Hoy la Asociación Elijo vivir, cuenta con varios proyectos por delante, incluso algunos con la Universidad de la Patagonia Austral. Además, vienen desarrollando un trabajo articulado con la subsecretaría de bienestar comunitario e incluso el sueño es formar un centro de día. “La verdad es que tenemos muchos proyectos, pero a veces cuesta, no les voy a negar que pesa mucho estar removiendo la herida”. Raquel encontró en Cari –que sufrió la muerte de Valentina– y en Lorena –que perdió a León– a otras mamás que estaban atravesando una situación similar a la de ella. Desde esa experiencia  se anima a alentar a otras familias: “¿Qué le diría a esas mamás o a esos papás? Que aún cuando hayamos tenido que pasar por esta pérdida enorme que duele –y que va a doler por el resto de nuestras vidas–, podemos convertir el dolor en acción. Todavía podemos convertir el dolor en abrazo, en mirada, podemos reconvertir ese amor que sentimos por nuestros hijos”. Por eso, la invitación es a sumar a otras familias que han pasado por una situación similar, respetando los tiempos de cada uno, porque cada duelo es único, pero con la certeza de que hacer algo por los demás, desde la fe, es el camino para salir adelante.

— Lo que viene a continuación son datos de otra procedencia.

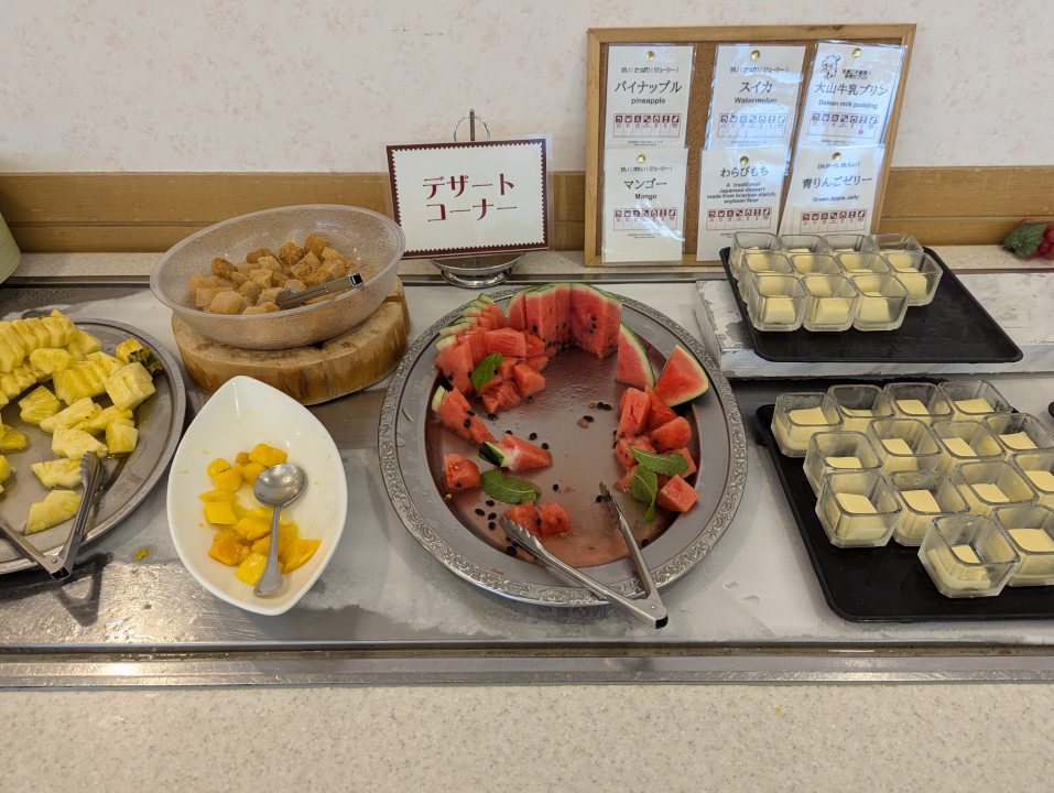 焼き魚にその場で握ってくれるお寿司や子供が大好きな揚げ物類にお蕎麦屋やうどん、お肉料理も豊富でジンギスカンもありました。そしてデザートも沢山用意されていて何を食べようか本当に迷ってしまいます。ビュッフェってついつい取りすぎてしまうんですよね、自分の胃袋と相談しつつ少しずつお皿に取りましょう。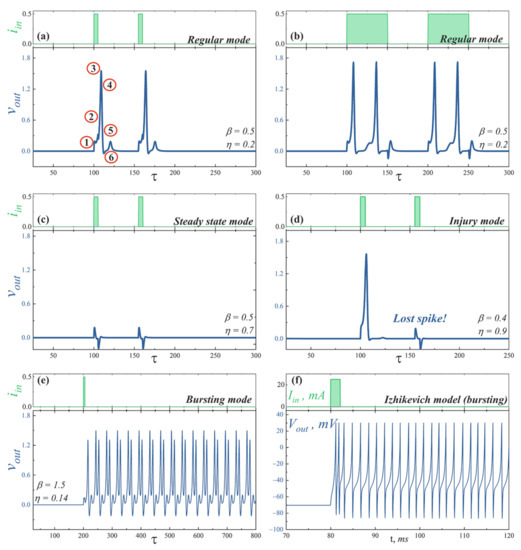 - Figure 4f illustrates the bursting dynamics of biological neuron simulated in the frame of the fractional-order Izhikevich model [72,73] for comparison, see also Supplementary Materials.

“Podemos convertir el dolor en abrazo, en mirada, podemos reconvertir ese amor que sentimos por nuestros hijos”.

“Si yo pude, creo que todos podemos. Y sé que estos pedazos que quedaron de mí se convirtieron en una nueva mujer que hoy cree más, que mira más al otro, que trata de entender más a los demás, qué aprendió también a perdonar más y, sobre todas las cosas, aprendió la fragilidad de la vida. Y eso que a veces parece tan difícil de entender, es un regalo. Por algo Dios todavía me tiene acá”.

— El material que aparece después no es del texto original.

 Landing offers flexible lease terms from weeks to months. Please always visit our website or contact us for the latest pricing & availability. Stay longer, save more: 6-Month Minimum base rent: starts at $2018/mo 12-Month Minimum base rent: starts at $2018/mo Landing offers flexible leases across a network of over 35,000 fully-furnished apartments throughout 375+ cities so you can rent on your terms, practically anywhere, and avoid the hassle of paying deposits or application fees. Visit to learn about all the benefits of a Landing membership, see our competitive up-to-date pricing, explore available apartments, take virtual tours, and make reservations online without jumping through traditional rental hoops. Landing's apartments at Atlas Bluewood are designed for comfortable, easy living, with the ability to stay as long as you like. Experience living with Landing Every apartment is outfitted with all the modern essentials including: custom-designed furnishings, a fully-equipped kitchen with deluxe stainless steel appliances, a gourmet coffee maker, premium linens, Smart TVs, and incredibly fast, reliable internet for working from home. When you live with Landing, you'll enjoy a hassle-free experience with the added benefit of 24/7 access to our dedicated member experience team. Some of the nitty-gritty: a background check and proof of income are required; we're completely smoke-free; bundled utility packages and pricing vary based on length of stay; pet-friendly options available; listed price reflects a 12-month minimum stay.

“Busquen ayuda siempre, incluso cuando parece que el mundo se te cae encima, afuera hay alguien para quien vos sos el mundo”.

Valen fue un chico como tantos otros que podemos conocer y acompañar en nuestras escuelas, patios, parroquias y centros juveniles. Hoy su historia es la de muchos que pueden estar atravesando alguna situación difícil. Por eso Raquel se detiene a compartir precisamente para ellos y ellas, unas palabras: “¿Qué les diría a los que están atravesando esta situación? Que busquen ayuda, que siempre, siempre, siempre, incluso cuando parece que el mundo se te cae encima, afuera hay alguien para quien vos sos el mundo. Alguien va a estar para acompañarte, para ayudarte, para sentarse con vos a llorar y a respirar. Para decirte: «‘Estoy acá. Sos importante, sos valioso. Sos valiosa y estoy acá. Y no me voy a mover de acá hasta que nos podamos levantar juntos. Y si juntos no podemos, vamos a buscar ayuda. Pero estoy acá y me importás. Tu vida es valiosa porque tu vida es de Dios y es maravillosa, aunque a veces parezca que no podés ver la luz. Se puede’. Yo siempre que alguien me abraza o abrazo a un chico o a una chica, es un abrazo que Valen viene a darme”.